Except—no, it can’t be. Who would be insane enough to use elemental energy—the energy of the stars—as a weapon? But the shards of elements, crashing through all organic life in this world, are huge cell killers. They are the product of this kind of energy, and no other. You can’t see the elemental shards in a spirit walk, but now I understand. That’s what makes a cinder world. That’s what destroys what life remains on those worlds after the initial firestorm has cooled. I never understood until I came and saw the cause with my witch’s eyes.
I have to find unburned wood or I will be stuck here until I die of thirst. Or worse. I could be found by someone ruthless enough to survive in this place for however long it’s been since the holocaust. The longer it’s been, the more animalistic the people here will have become. I’ve seen things on my spirit walks, even though the shaman told me not to dwell on the cinder worlds or wonder what caused them.
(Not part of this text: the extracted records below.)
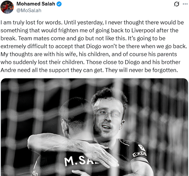 ونشر محمد صلاح عبر حسابه الرسمي على منصة "تويتر" صورة مؤثرة تجمعه بجوتا أثناء احتفالهما معًا بأحد الأهداف، وكتب كلمات حزينة وصف فيها عمق الفاجعة التي يعيشها:
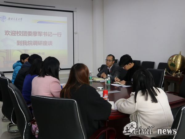 12月1日上午10:30,校团委与88038威尼斯分团委调研交流座谈会于犀浦校区X4312会议室如期举行。与会人员有:校团委书记廖军、校团委兼职副书记陈景适,88038威尼斯分团委书记刘萍、分团委副书记付真珍、分团委副书记黄雪娇、青年志愿者协会指导老师向京华、学生运动健康促进中心指导老师代镇洋、学生文化发展中心指导老师张素子。
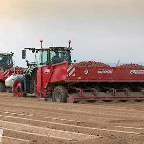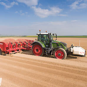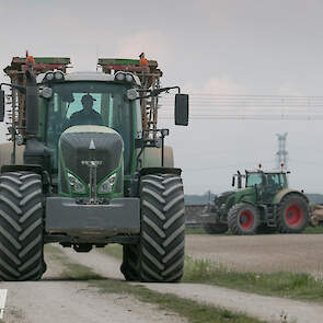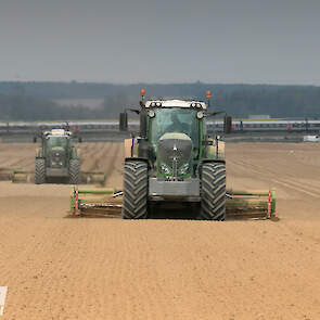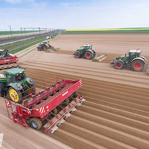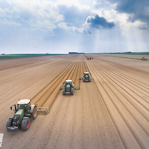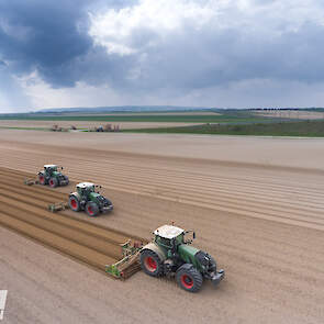 Grimme GL 36T-aardappelpootmachines. Te zien zijn onder meer een Fendt 930, 936, 939 en Fendt 722 Vario. Tevens een John Deere 7820.
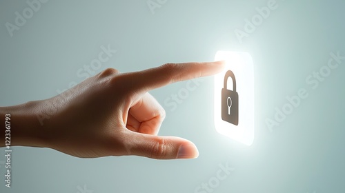 This image showcases a hand reaching towards a virtual lock icon, symbolizing the importance of digital security in modern technology and online environments.
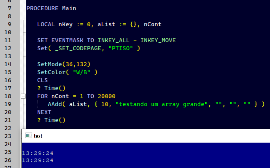 As rotinas de array do Harbour são escritas em C e são bem rápidas e eficientes.
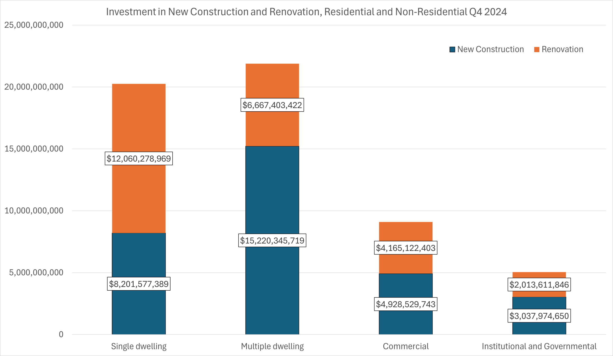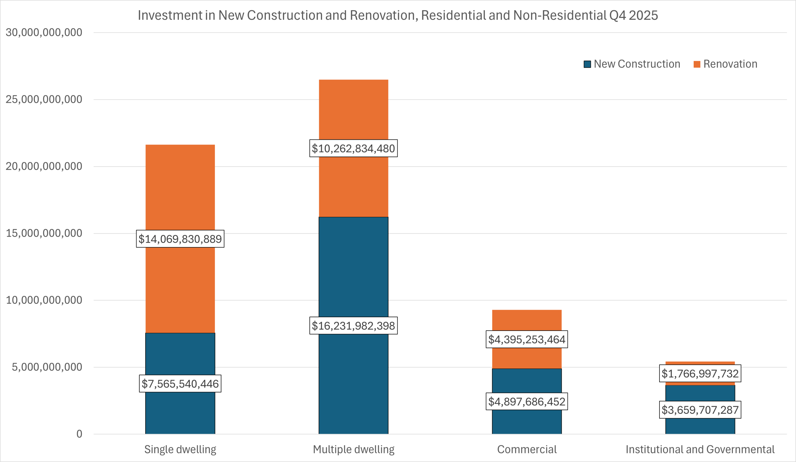 In contrast, the multi-dwelling segment continues to expand. New construction increased from $15.2 billion to $16.2 billion, indicating sustained demand for higher-density housing formats. Renovation activity in this segment also grew sharply, from $6.7 billion to $10.3 billion. This acceleration points to both reinvestment in existing multi-unit stock and adaptation of properties to meet evolving rental and urban housing demand. Taken together, residential growth is being driven less by low-density expansion and more by intensification and upgrading.

I’ve seen what the survivors do to one another in the years of never-ending winter that follow the great burning.
Enough.
Stop crying.
Pull yourself together and find fuel for your pyre, Lillian …
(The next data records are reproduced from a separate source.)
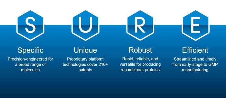 The SUREtechnology Platform is designed to overcome common expression bottlenecks in cell line development. Through advanced gene technology, our platform streamlines the development process from transfection to a fully-characterized research cell bank (RCB).
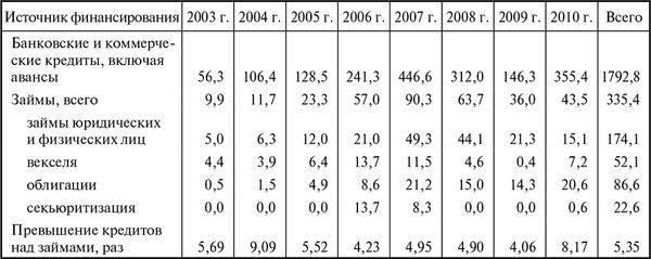 Еще одна пропорция между различными источниками финансирования лизинговых проектов сложилась между кредитами (банковскими и коммерческими поставщиков), с одной стороны, и займами, с другой. Здесь усредненный показатель за восемь лет свидетельствует о том, что опережение первого над вторым превышает пятикратный уровень, причем в 2010 г. оно было более чем восьмикратным. Полагаю, что именно в этом сегменте финансирования лизинга заложены основные резервы привлечения средств для лизинга. Стоит особо выделить эмиссию облигаций и секьюритизацию лизинговых активов, на возможностях использования которых подробно остановимся в следующих главах книги.
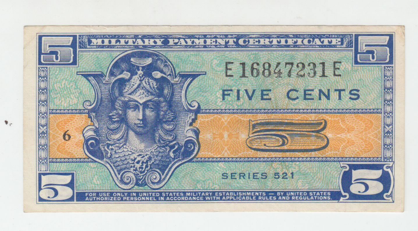 You have: 1954 5 cent Military Payment Certificate (Series 521)
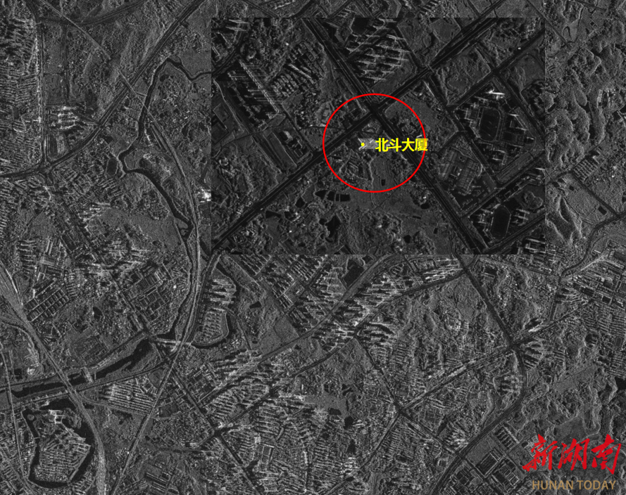 一张从SAR卫星返回的株洲北斗产业园灰度图像上,北斗大厦比周边建筑更亮、更白。“因为北斗大厦的外壳是金属材质,可以通过遥感成像分析出来。”汤大权说,SAR卫星可不受天气、光照的影响,实现全天时、全天候成像,透过地表或植被探测到被遮蔽的地物信息,从丰富的雷达信息中反演地物类型或地形地表。
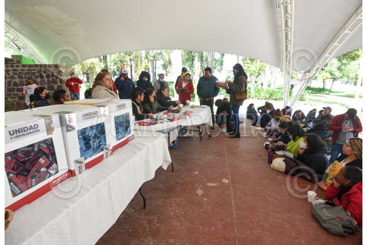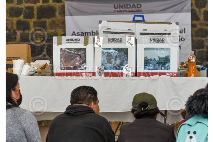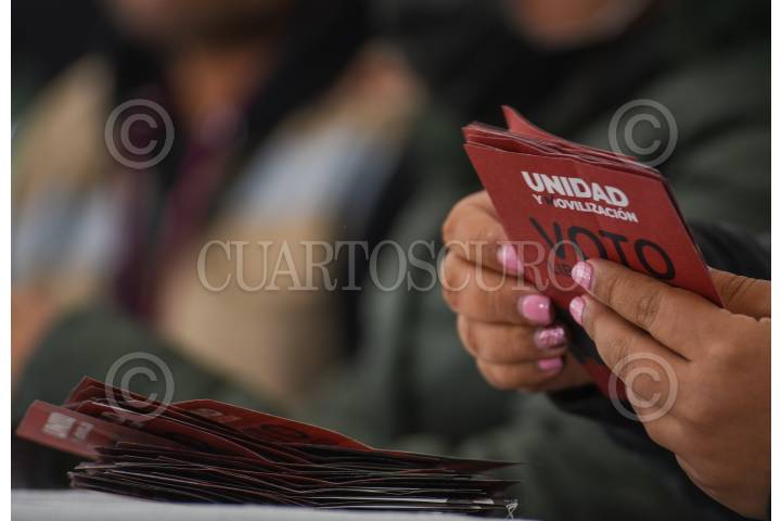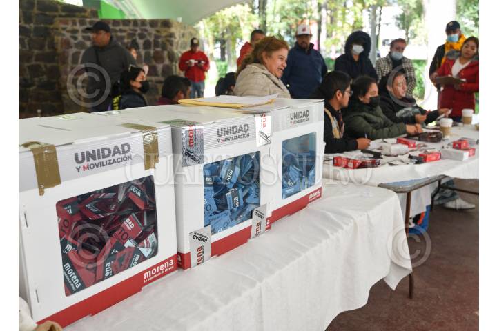 Conteo de votos en Toluca en la casilla ubicada en el Parque Cuauhtémoc Alameda Central después de llevarse a cabo este domingo la elección de delegados rumbo al Congreso Nacional de MORENA.
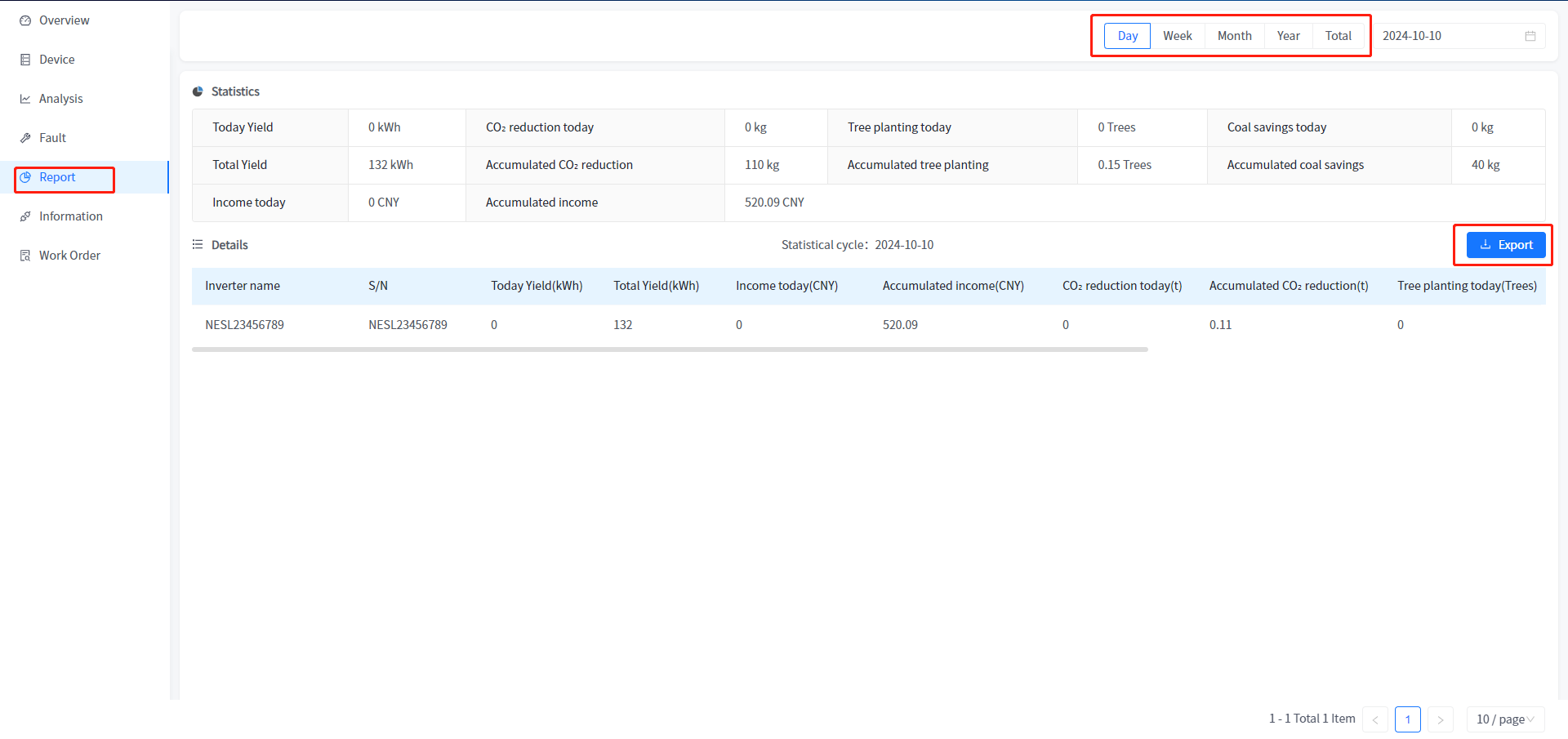 You can view the working data statistics of all equipment in the Plant under your name, and conduct statistics based on the equipment dimension. Support exporting data in file format. Click the [Export Data] button to export all Plant data. You can also click the [Day], [Week], [Month], [Year], [Cumulative] buttons in the upper right corner to query historical statistical data.

Lily felt herself being evicted from Lillian’s memory, despite wanting to see more. Whatever happened next, Lillian either didn’t want to share with Lily or didn’t want to relive herself. Lily looked across the raft at Lillian.
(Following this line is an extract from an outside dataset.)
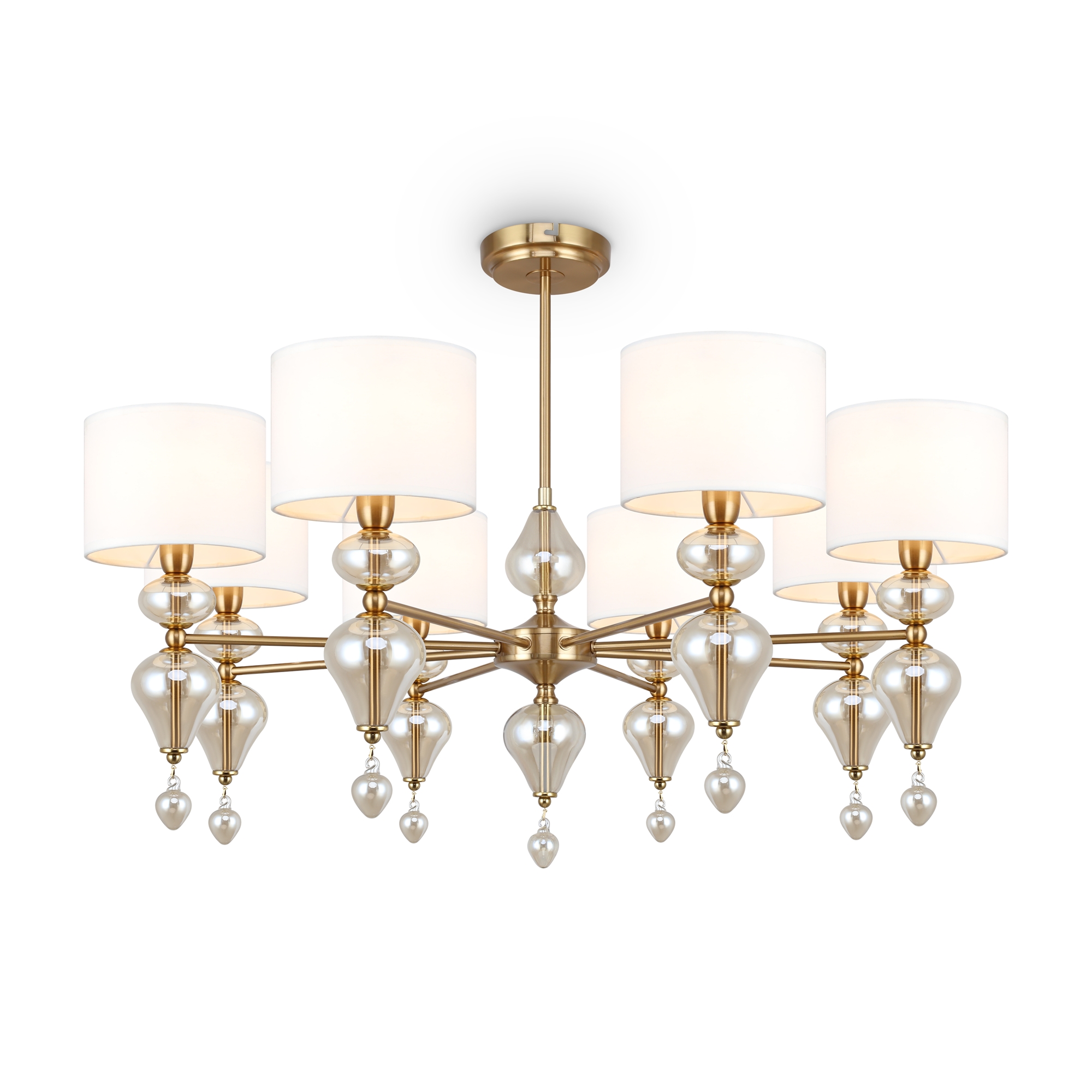 Изумительная модель FR5369CL-08BS от немецкого производителя Freya относится к коллекции Raise ,металлическая конструкция декорирована выдувными стеклянными элементами окрашена в цвет латуни , материал абажуров тканевый -молочного цвета. Источником света служит лампа с цоколем Е14 и площадью освещения 18 кв.м. Данную модель можете купить в интернет-магазине 220svet.ru

What happened, Lillian? How did you find enough fuel in that cinder world to build a pyre?
The answer to that is what made me who I am now. You think I’m a monster, but I think if you could see what made me who I am, you’d agree that my choices, as ruthless as they seem, are justified. The only question is, are you sure you really want to understand me?
Curiosity dug at Lily, but so did distrust. There was a reason Lillian had only showed her a fragment of a memory, and a half-truth could be more manipulative than any lie. Lily knew this, but she still couldn’t say no outright because to understand Lillian’s story would be to understand something huge inside herself. They were, after all, the same.
I honestly don’t know, Lillian.
* * *
Juliet turned her head to the side, gagging.
“Easy,” Rowan said in his low, steady voice. He reached out to brace Juliet by her elbow and stopped. His hands were covered in the charred skin he had just peeled off Lily. “Do you need to go outside and get some air?” he asked kindly. Not that there was any difference between the outside air and the air inside the living room at this point. Rowan had insisted they keep all the windows open and it was colder than a meat locker in there.
“No,” Juliet said, shaking it off. “I got this.”
Rowan narrowed his eyes for a moment, weighing Juliet’s resolve, and must have seen more strength in her than she was feeling because he nodded once and bent his head over Lily.
The jewel at his throat throbbed with that eerie dark light and he went back to his task. He directed a tendril of light under a small patch of necrotic skin and even though his burned hands were bandaged, he used the light to ease Lily’s skin away with a precision that no scalpel could ever match. She barely even bled.